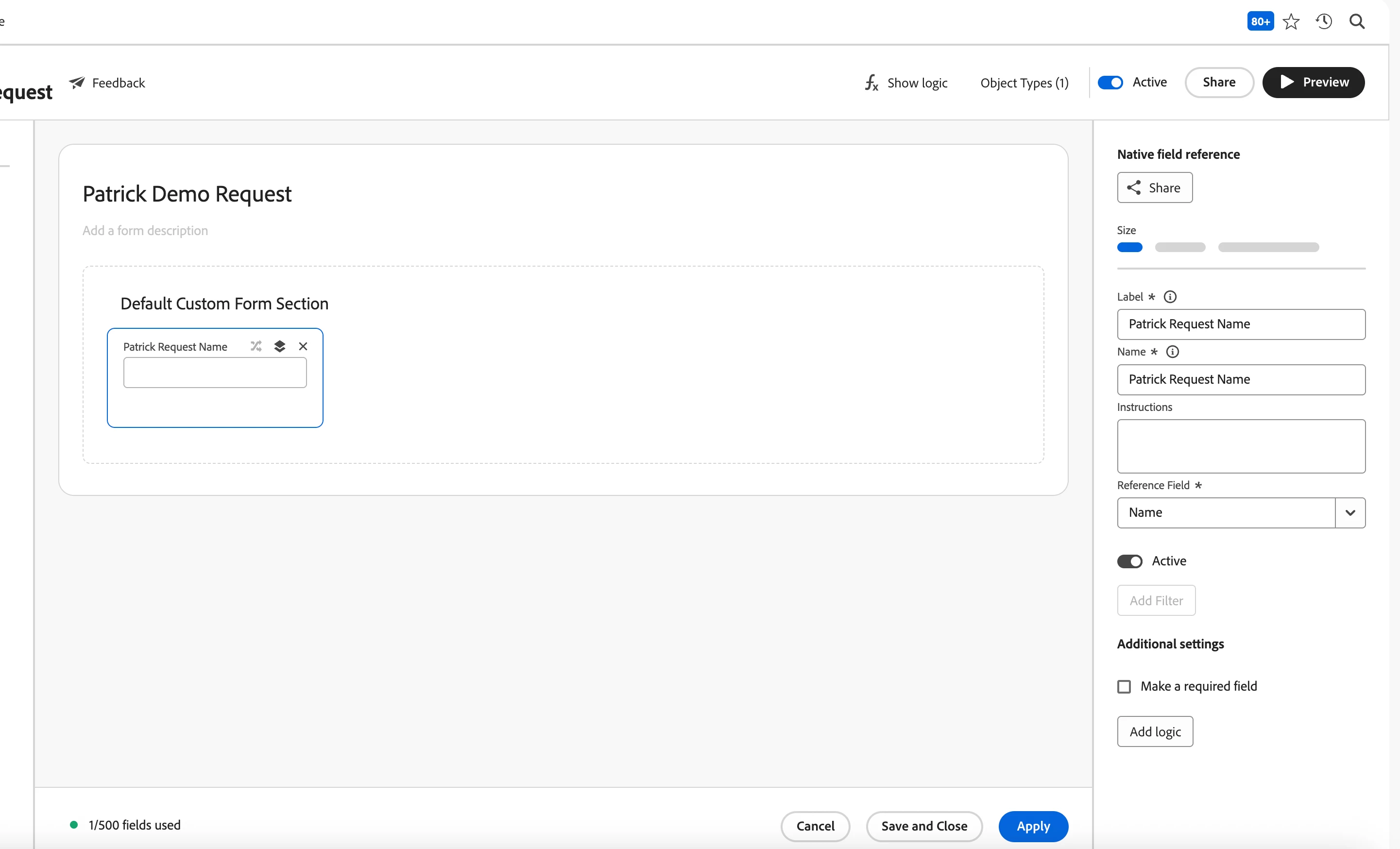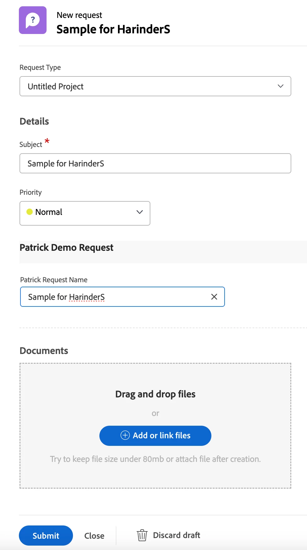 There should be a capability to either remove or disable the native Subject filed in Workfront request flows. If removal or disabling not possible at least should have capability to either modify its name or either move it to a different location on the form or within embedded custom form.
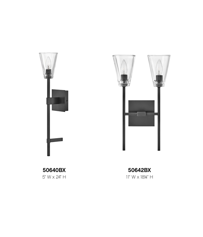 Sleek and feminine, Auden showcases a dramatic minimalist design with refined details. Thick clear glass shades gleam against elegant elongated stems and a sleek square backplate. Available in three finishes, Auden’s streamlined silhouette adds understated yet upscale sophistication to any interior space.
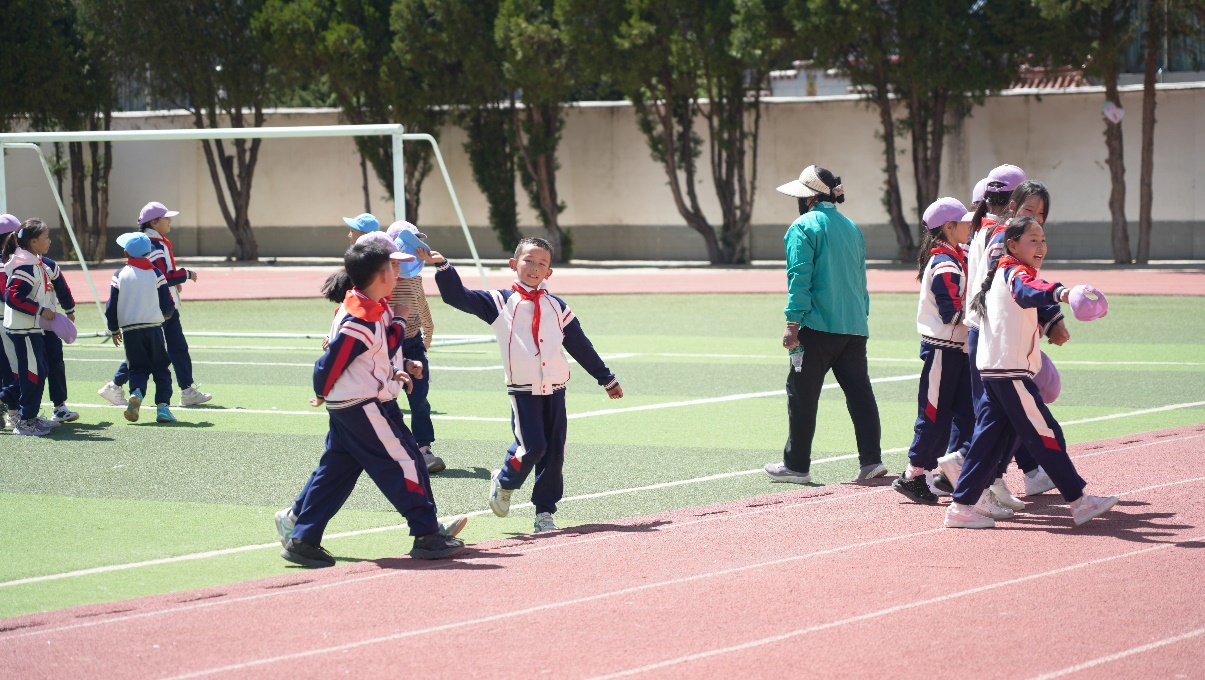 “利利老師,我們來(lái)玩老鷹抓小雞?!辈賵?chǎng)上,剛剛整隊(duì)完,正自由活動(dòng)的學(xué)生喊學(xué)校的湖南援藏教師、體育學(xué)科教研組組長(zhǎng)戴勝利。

==

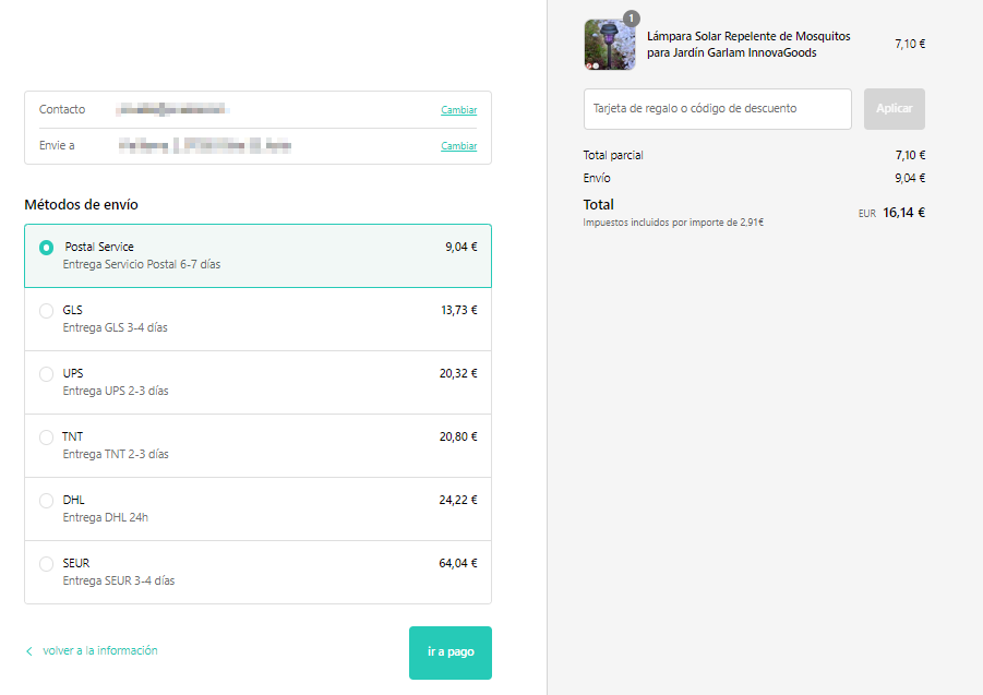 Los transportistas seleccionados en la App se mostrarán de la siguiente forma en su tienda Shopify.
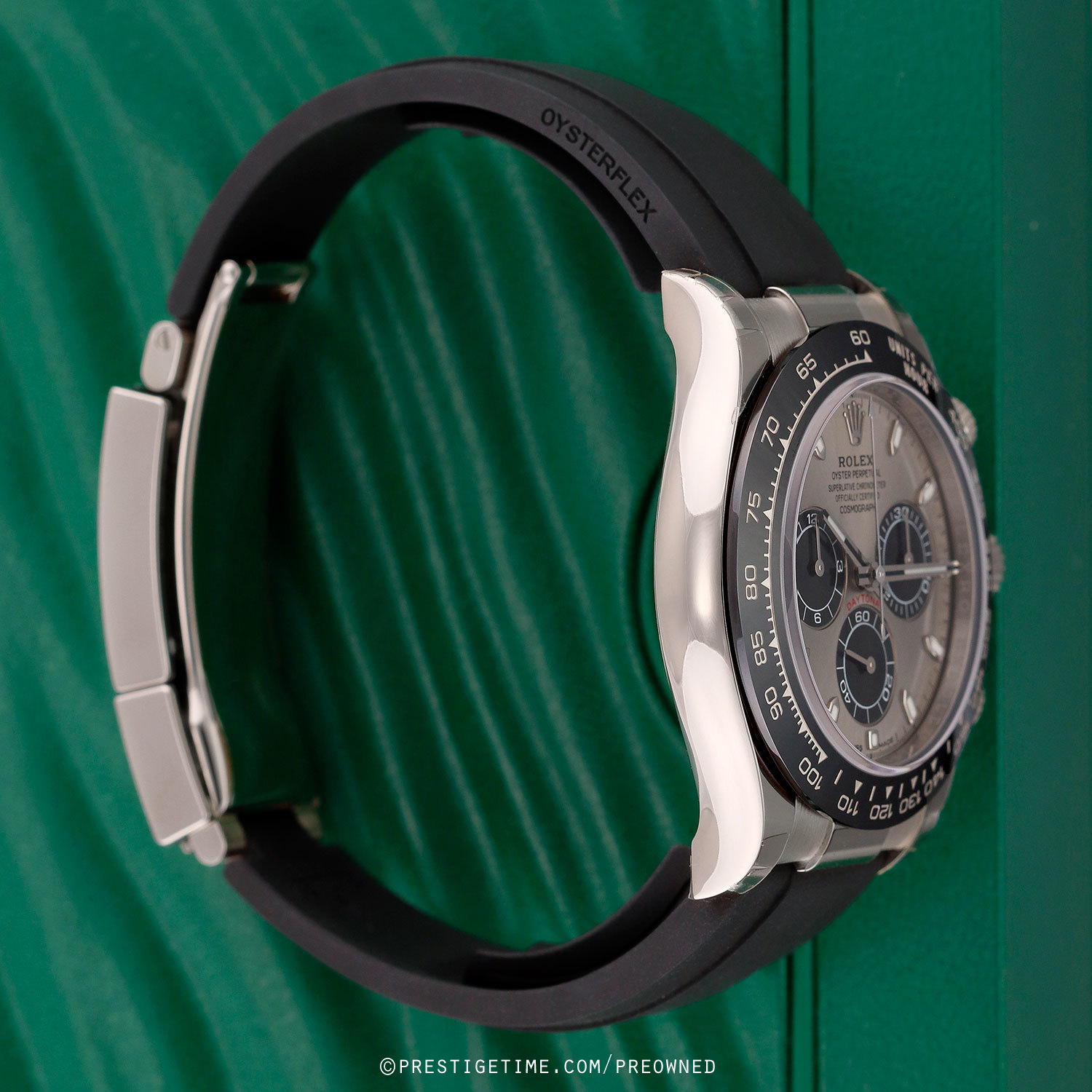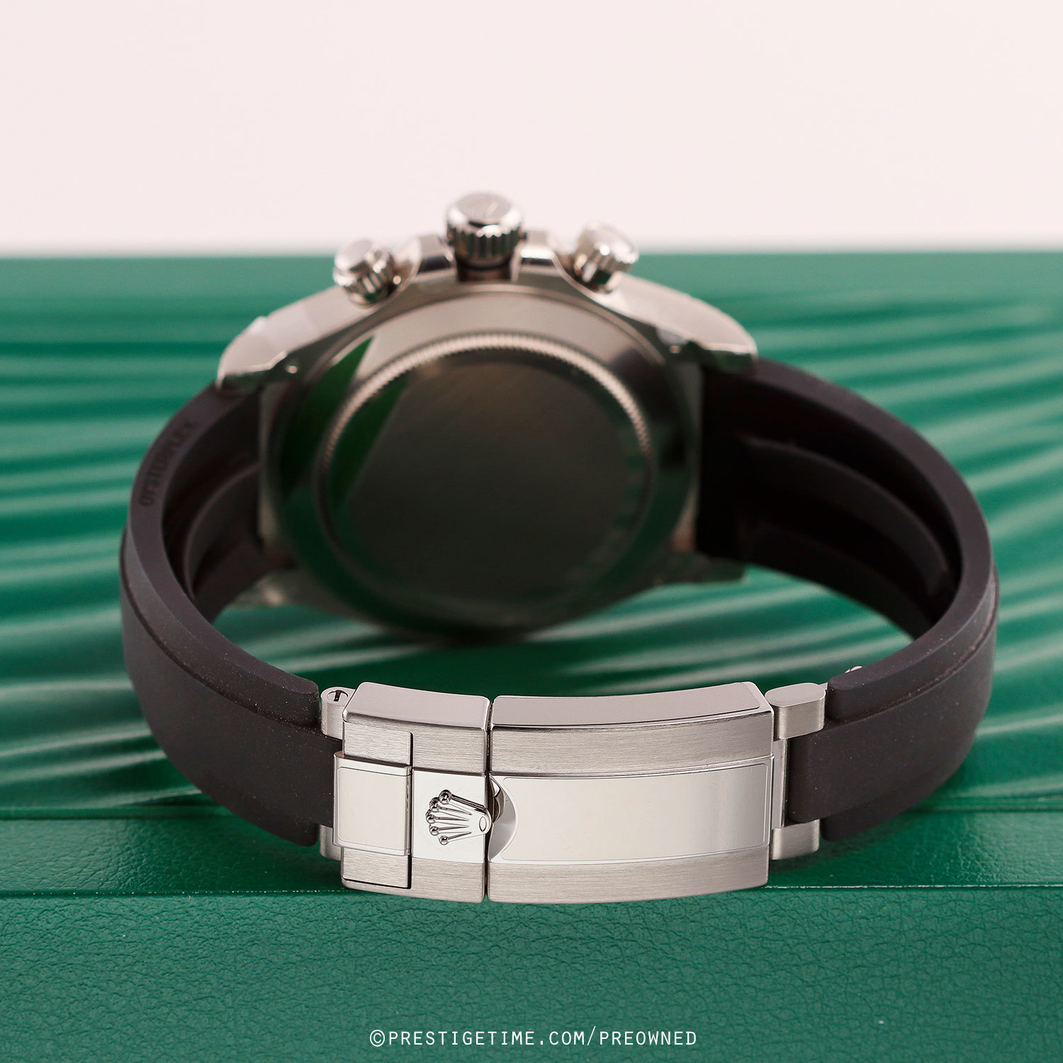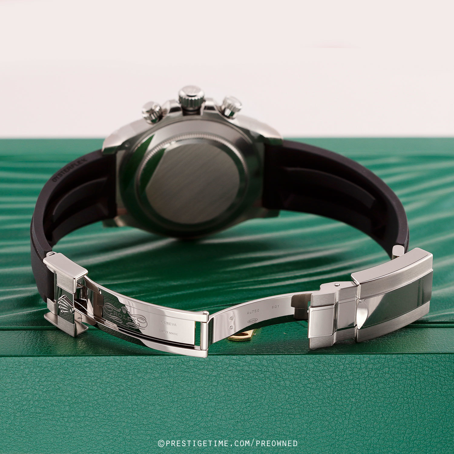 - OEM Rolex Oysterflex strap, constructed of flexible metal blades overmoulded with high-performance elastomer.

→ **WORK REQUIRED**
When copying from the data above, begin at the line containing "Los transportistas seleccionados" and end at the line containing "- OEM Rolex"; return those lines exactly and leave all pictures behind.

→ **EXPECTED ANSWER**
 Los transportistas seleccionados en la App se mostrarán de la siguiente forma en su tienda Shopify.
 - OEM Rolex Oysterflex strap, constructed of flexible metal blades overmoulded with high-performance elastomer.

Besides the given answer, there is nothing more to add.